Très bon article.
L’aspect
religieux du phénomène aurait toutefois pu être davantage creusé. S’il est certes évident que l’accès global à de
multiples et nouvelles sources de « renseignement » joue un rôle
essentiel dans l’explosion complotiste, la fameuse recherche de
sens -que vous mentionnez assez brièvement somme toute- est le principal moteur
des élucubrations conspirationnistes et elle devrait en tant que
telle être particulièrement mise en exergue.

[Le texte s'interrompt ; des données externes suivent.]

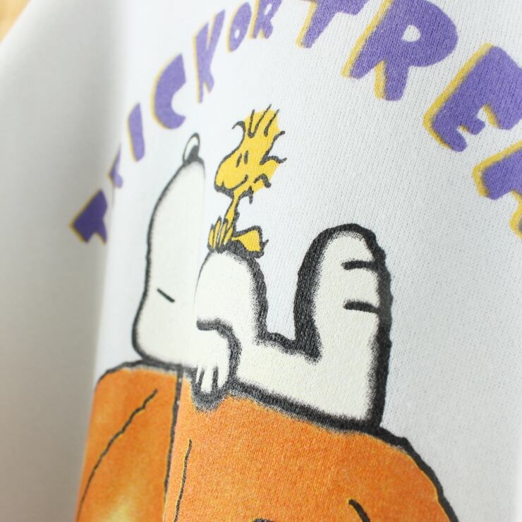 80s 90s USA BLITZZ PEANUTS TRICK OR TREAT スヌーピープリントスウェット ホワイト メンズXL アメリカ古着 071625ss95

Le chaos, le bordel, la non-possibilité humaine de rentrer dans des cadres préconçus
censés en théorie gérer de manière efficace une société*, l’absurdité de la
guerre, l’inutilité de toutes nos actions, de tous nos actes, du biberon au
sapin, de la dent de lait au dentier, tout cela est absolument insupportable
pour celui ou celle qui ne parvient pas à saisir que nous ne sommes pas
grand-chose et tendons à encore moins, que nous sommes aussi utiles sur terre que de l’urine l’est dans un violon.
Il fut un temps
où les intempéries, les calamités, les catastrophes, les accidents de chasse,
les épidémies, sa belle-mère ou encore une victoire de l’AS Nancy-Lorraine relevaient
de la volonté de Dieu-le-farceur, ces désastres avaient leur sibylline raison d’être,
et nous n’étions pas en mesure de saisir le sens caché de la chose- ce qui,
évidemment, ne signifiaient pas que de sens n’avait point, mais que nos esprits
pécheurs, impurs, que nos actes, parfois de nous-mêmes inconnus, parce qu’on
est un peu con, étaient la source du courroux divin.
Aujourd’hui,
impies matérialistes responsables et coupables de nos actions, déicides que
nous fûmes et sommes, recherchons ailleurs que dans la psychopathie de dieu les
causes de nos maux. Certaines sont réelles et peuvent par ailleurs être
rapidement révélés (crise financière, conflits d’intérêts, détournements de
fonds, truquages, manipulations, tricheries, etc.) mais elles ne sont pas très
attrayantes du fait justement de leur tangibilité et évidence. Pour tout dire, c’est la volonté divine qui manque à bien
des gens, sa disparition est à l’origine du transfert du fatalisme
passé d’inspiration divine sur des sociétés secrètes ou entités cachées omnipotentes,
omniprésentes, omniscientes, qui donnent un sens a l’histoire. La foi est le
moteur du conspirationnisme.
*Pour revenir brièvement
sur la "non-possibilité humaine de rentrer dans des cadres préconçus
censés en théorie gérer de manière efficace une société", pour expliquer
le fond de ma pensée et concernant le cadre exclusif du 11 septembre, je crois
que la structure, au sens marxiste du terme, permet de saisir bien des erreurs,
approximations et manipulations ultérieures. Toute personne est parallèlement membre
de plusieurs structures :
famille,
club de bridge, membre de la CIA, parent d’élèves, voisinage, aiguilleur
du
ciel, soliste dans la chorale Ste Geneviève du Renouveau Miséricordieux,
etc.
Toutes ces structures s’emboîtent et interfèrent les unes sur les
autres. Et étant
toutes et toutes membres de structures, nous interférons sur les
structures d’autrui.
Dans l’esprit de bien des conspirationnistes, d’interférences il n’y a.
Un
aiguilleur du ciel ne peut pas arriver en retard au travail parce qu’une
fuite
de gaz a provoqué la fermeture de la route qu’il prend tous les matins.
Il ne
peut pas s’absenter quelques secondes pour boire un café avec ses
collègues ou
téléphoner à sa fille qui est souffrante au lit. Un responsable
politique, s’il
ment, ne le fait pas pour essayer de sauver sa peau devant les énormes
conneries à répétition qu’il a perpétrées en 20 minutes à peine, et
laisser croire que la structure étatique est finalement capable de
défendre la nation, mais pas aujourd’hui, malheureusement, désolé les
gars, mais bien
parce que cet homme couvre le complot et qu’il peut tout à fait, le soir
même,
embrasser le front de sa petite souffrante dans son lit sans avoir
mauvaise
conscience d’avoir potentiellement causé la mort du père de sa meilleure
copine
de classe ou encore son partenaire au poker.